• EXCERPTED RECORDS

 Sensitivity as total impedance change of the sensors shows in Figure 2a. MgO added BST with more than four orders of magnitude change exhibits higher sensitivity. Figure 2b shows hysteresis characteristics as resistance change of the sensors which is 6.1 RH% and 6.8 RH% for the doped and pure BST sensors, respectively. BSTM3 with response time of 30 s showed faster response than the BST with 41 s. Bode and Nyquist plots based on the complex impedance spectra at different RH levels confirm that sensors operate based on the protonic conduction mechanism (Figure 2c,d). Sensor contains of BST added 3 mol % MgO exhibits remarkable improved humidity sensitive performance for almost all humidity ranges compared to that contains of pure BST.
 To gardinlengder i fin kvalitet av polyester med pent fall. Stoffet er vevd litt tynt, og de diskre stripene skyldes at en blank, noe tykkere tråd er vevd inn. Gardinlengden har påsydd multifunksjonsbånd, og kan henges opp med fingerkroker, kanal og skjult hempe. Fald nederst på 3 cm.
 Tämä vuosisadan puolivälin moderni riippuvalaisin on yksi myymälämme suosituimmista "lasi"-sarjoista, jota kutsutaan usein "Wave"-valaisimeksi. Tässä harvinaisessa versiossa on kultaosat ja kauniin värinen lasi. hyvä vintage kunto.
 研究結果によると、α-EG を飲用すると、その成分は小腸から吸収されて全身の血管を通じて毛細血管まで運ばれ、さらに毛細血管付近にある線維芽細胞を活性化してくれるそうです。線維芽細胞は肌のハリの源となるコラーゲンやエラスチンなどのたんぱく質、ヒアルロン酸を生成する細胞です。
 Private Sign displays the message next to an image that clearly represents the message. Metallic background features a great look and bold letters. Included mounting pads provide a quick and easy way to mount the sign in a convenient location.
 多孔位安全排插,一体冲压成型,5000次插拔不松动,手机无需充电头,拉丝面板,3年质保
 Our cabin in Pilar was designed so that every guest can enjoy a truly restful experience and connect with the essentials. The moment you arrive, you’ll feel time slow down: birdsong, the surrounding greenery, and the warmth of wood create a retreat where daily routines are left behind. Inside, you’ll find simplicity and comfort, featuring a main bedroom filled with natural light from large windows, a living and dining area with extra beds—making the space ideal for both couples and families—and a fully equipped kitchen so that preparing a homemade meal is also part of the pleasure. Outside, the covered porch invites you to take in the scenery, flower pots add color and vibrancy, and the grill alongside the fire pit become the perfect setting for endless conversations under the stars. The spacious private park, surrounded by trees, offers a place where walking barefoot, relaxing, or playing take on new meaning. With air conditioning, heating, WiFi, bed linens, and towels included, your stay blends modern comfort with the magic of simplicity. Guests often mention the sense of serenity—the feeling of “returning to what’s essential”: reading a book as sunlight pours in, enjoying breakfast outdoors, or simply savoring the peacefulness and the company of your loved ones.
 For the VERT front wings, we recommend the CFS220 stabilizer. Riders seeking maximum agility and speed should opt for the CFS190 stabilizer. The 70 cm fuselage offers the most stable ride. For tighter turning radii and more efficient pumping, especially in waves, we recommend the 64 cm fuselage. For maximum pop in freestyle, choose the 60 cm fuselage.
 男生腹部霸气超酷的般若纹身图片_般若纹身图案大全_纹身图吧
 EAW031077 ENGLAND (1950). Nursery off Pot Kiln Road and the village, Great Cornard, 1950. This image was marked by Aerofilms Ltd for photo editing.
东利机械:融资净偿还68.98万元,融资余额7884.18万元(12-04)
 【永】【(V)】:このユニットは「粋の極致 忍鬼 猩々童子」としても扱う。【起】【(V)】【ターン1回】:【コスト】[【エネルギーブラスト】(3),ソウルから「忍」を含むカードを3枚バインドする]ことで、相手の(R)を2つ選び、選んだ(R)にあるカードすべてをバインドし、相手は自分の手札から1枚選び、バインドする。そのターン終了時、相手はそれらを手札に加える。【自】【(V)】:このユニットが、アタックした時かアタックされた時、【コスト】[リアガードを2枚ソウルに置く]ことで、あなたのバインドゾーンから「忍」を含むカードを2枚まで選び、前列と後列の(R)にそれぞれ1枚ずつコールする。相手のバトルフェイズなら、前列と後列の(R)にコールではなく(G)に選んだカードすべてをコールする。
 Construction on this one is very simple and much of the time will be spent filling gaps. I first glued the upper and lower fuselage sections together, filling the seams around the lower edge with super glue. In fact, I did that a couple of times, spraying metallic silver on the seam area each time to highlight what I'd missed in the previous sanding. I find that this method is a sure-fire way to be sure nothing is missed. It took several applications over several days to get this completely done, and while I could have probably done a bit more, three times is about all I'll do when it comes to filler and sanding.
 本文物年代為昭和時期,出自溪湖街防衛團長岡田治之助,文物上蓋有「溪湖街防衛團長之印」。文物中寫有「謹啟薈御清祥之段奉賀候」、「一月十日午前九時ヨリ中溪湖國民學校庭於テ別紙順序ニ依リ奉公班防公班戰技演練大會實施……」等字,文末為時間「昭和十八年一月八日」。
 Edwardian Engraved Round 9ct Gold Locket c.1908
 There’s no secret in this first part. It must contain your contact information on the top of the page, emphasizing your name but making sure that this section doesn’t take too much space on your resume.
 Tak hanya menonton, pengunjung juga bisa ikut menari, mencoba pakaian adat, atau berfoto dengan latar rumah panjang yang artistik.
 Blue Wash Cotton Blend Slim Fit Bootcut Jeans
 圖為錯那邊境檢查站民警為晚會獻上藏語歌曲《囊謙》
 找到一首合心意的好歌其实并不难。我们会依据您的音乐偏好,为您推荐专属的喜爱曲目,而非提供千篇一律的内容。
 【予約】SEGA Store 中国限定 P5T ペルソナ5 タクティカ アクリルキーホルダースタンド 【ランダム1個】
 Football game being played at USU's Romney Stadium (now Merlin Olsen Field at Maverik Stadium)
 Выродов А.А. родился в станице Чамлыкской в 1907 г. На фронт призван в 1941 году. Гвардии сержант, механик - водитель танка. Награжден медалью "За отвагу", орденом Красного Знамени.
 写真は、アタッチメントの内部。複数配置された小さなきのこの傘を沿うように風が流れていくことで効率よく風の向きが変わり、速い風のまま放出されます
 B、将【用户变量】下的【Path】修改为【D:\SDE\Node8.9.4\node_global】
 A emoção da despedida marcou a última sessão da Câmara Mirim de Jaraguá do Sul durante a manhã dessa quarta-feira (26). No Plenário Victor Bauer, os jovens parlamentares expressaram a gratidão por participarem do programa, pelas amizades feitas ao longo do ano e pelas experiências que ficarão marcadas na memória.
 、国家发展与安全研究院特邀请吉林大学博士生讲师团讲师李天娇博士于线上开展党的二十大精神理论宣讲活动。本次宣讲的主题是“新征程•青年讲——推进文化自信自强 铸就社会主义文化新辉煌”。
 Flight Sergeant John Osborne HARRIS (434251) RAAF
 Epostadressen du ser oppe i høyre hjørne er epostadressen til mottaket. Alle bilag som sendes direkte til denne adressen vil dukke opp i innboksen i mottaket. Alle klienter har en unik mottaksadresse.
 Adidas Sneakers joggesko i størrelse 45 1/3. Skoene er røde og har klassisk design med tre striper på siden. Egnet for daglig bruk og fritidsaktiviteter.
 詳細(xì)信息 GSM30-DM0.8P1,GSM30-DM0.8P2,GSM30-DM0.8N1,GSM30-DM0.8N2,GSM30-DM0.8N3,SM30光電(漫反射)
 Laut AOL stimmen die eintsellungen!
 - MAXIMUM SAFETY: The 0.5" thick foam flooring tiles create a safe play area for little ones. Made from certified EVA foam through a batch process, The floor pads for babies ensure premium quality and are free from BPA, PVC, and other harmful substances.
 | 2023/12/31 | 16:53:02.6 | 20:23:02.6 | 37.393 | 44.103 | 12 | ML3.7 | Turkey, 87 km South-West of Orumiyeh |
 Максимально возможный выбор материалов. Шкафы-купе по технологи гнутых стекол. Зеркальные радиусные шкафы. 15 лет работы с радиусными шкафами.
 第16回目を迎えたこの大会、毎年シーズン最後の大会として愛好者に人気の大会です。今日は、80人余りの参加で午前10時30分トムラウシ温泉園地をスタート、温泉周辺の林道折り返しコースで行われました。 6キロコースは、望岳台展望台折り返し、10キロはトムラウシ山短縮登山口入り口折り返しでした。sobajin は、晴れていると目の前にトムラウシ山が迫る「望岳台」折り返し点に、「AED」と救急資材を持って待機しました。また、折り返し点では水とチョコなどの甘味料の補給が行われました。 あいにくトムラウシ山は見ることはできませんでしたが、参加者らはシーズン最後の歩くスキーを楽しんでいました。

• EXERCISE
Pull out all lines of the data with the string "image".

• RESULT FOR THIS EXERCISE
 Private Sign displays the message next to an image that clearly represents the message. Metallic background features a great look and bold letters. Included mounting pads provide a quick and easy way to mount the sign in a convenient location.
 EAW031077 ENGLAND (1950). Nursery off Pot Kiln Road and the village, Great Cornard, 1950. This image was marked by Aerofilms Ltd for photo editing.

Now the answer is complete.